FACA supports the Rabies Advisory Committee Position Statement in the State of Florida Rabies Prevention and Control in Florida,2006 report:
“Managing Feral/Unowned/Stray Cats (updated 01/06)
The concept of managing free-roaming/feral cats is not tenable on public health grounds because of the persistent threat posed to communities from injury and disease. While the risk for disease transmission from cats to people is generally low when these animals are owned and routinely cared for, free-roaming cats pose a continuous concern to a communities. Children are among the highest risk for disease transmission from these cats.
While free-roaming cats can be vaccinated against rabies, this does not address the ongoing need to provide them health care,medications and prevention of other zoonotic diseases. Should one of these cats bite or scratch a person, it would need to be captured and observed for 10 days for signs and symptoms of rabies,even if it had been previously vaccinated. If the cat is not found, the person bitten would need to undergo rabies post-exposure treatment.
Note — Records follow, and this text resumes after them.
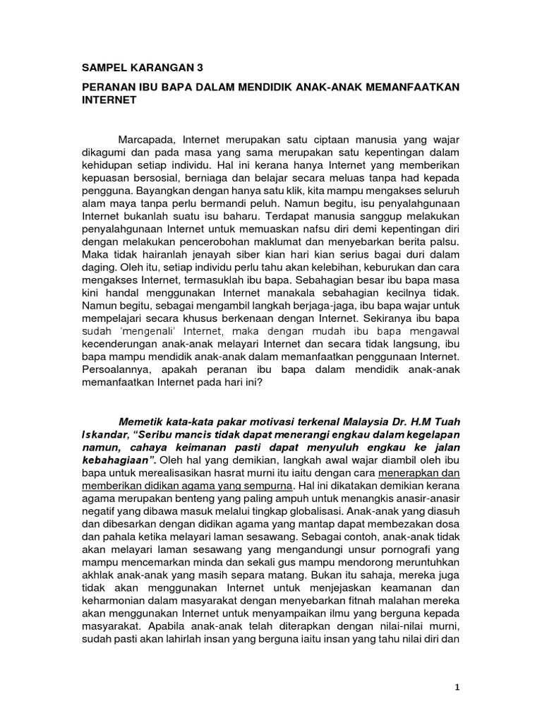 Sampel Karangan 3 Peranan Ibu Bapa Dalam Mendidik Anak Anak Memanfaatkan Internet Pdf
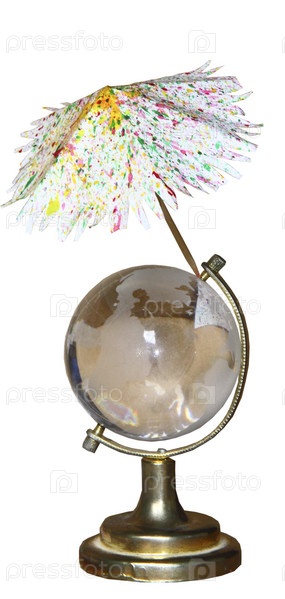 Стеклянный глобус с зонтиком на белом фоне
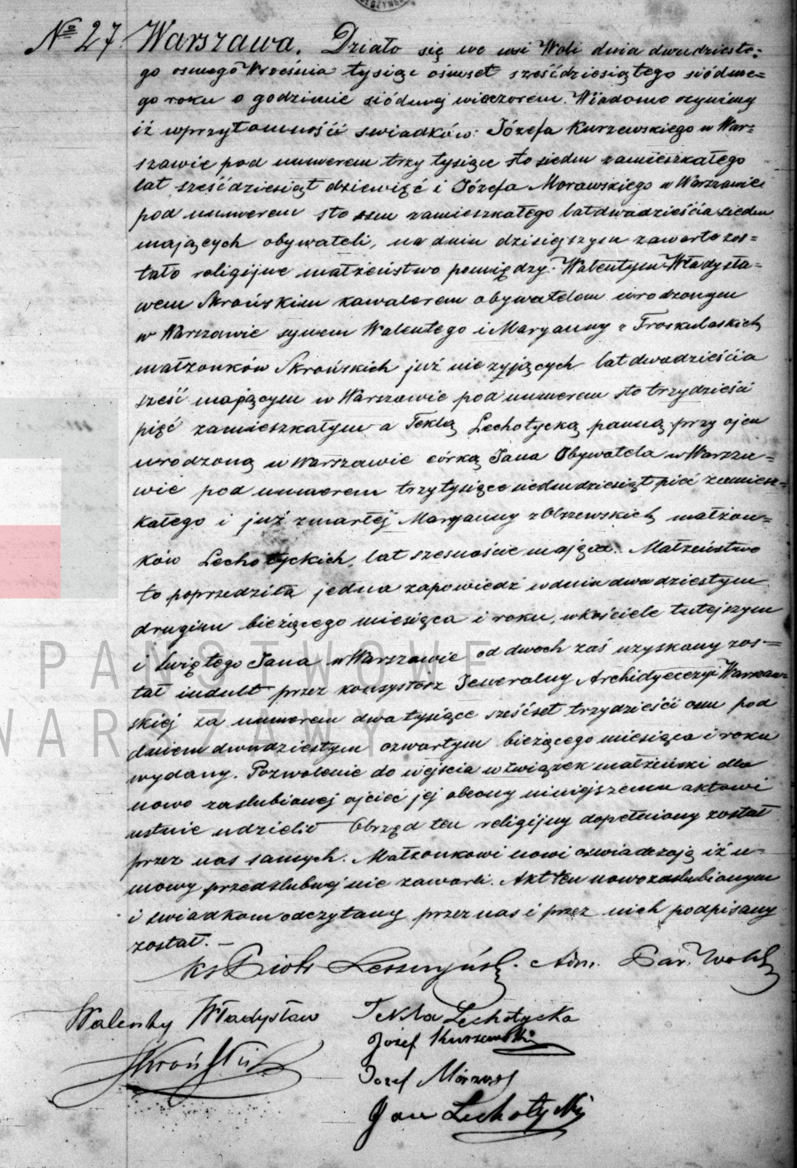 - ślub: Akt małżeństwa: Warszawa-Wola św. Stanisław (obecn. m. Warszawa), rok 1867, nr aktu 27 [indeks na http://geneteka.genealodzy.pl/] http://metryki.genealodzy.pl/metryki.php?op=kt&ar=1&zs=0179d&sy=1867&kt=2 [podgląd] - zgon: Epitafium na cm. Powązkowskim - pogrzeb: Urz. M. st.W-wy http://cmentarze.um.warszawa.pl/pomnik.aspx?pom_id=2163
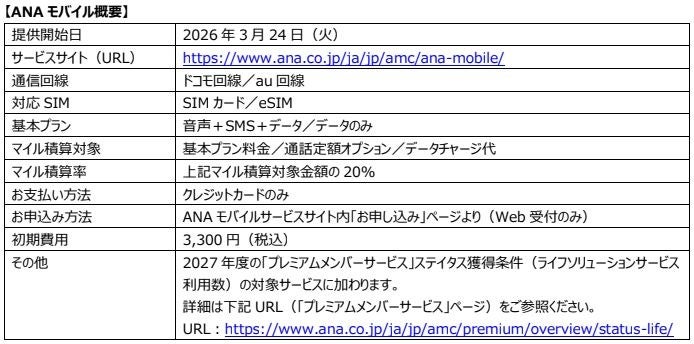 ANA X株式会社(代表取締役社長:神田 真也、本社:東京都中央区、以下「ANA X」)は、MVNO事業に参入し、2026年3月24日(火)より、モバイル通信サービス「ANAモバイル」の提供を開始いたします。ご契約・ご利用いただくことで、月額料金*に対し20%の積算率でANAのマイルが貯まります。
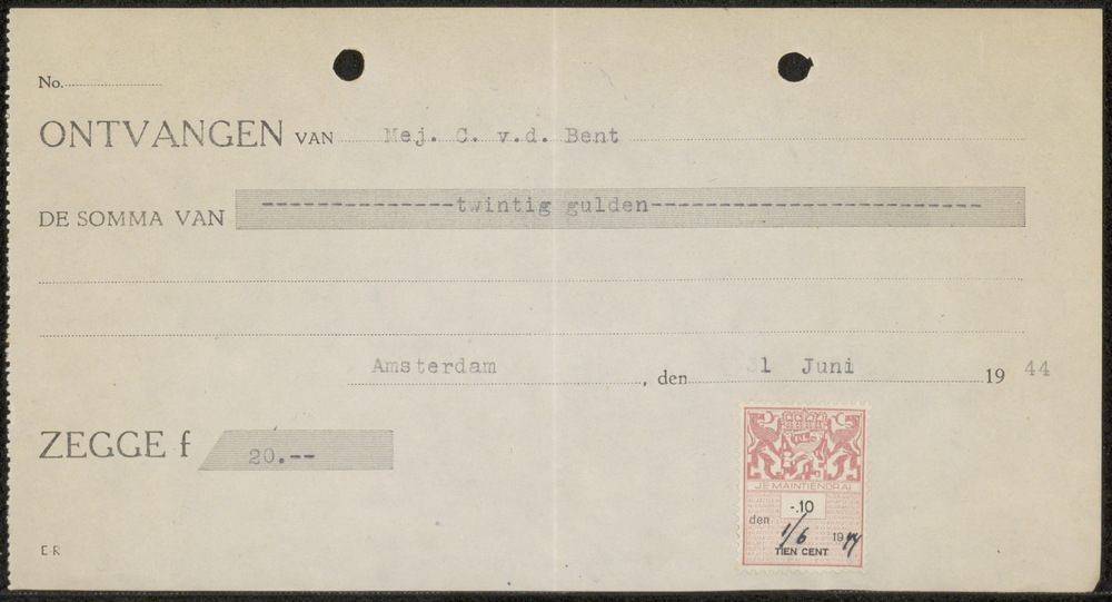 kwitantie voor de somma va fl. 20,00

In the past 10 years, cats were reported with rabies more frequently than dogs in Florida. The overwhelming majority of these cats were free-roaming animals. Human rabies in Florida was largely controlled by the removal of stray dogs when dog rabies was common during first half of the 1900s.
Ideally, cats should have regular veterinary care and be maintained inside people’s homes. Allowing cats to roam free is not in the best interests of the community’s health and deliberate release or abandonment of feral or domestic cats is not sanctioned under Florida’s conservation and cruelty laws. Based upon Florida Statutes, Chapter 372.265, cats are not “indigenous” or native to Florida, and due to their adverse impact on wildlife, no permits have been or will be issued by the FWCC to make lawful either the release of feral/free-ranging cats or the establishment of feral/free-ranging cat colonies. Relocating and releasing non-native species into the wild is a violation of Florida Statute 372.265 and Florida Administrative Code 68A-4.005.”
FACA discourages the outdoor feeding of all free-roaming cats because of the significant threat of attracting high risk rabies species, such as raccoons, foxes, skunks, coyotes, etc.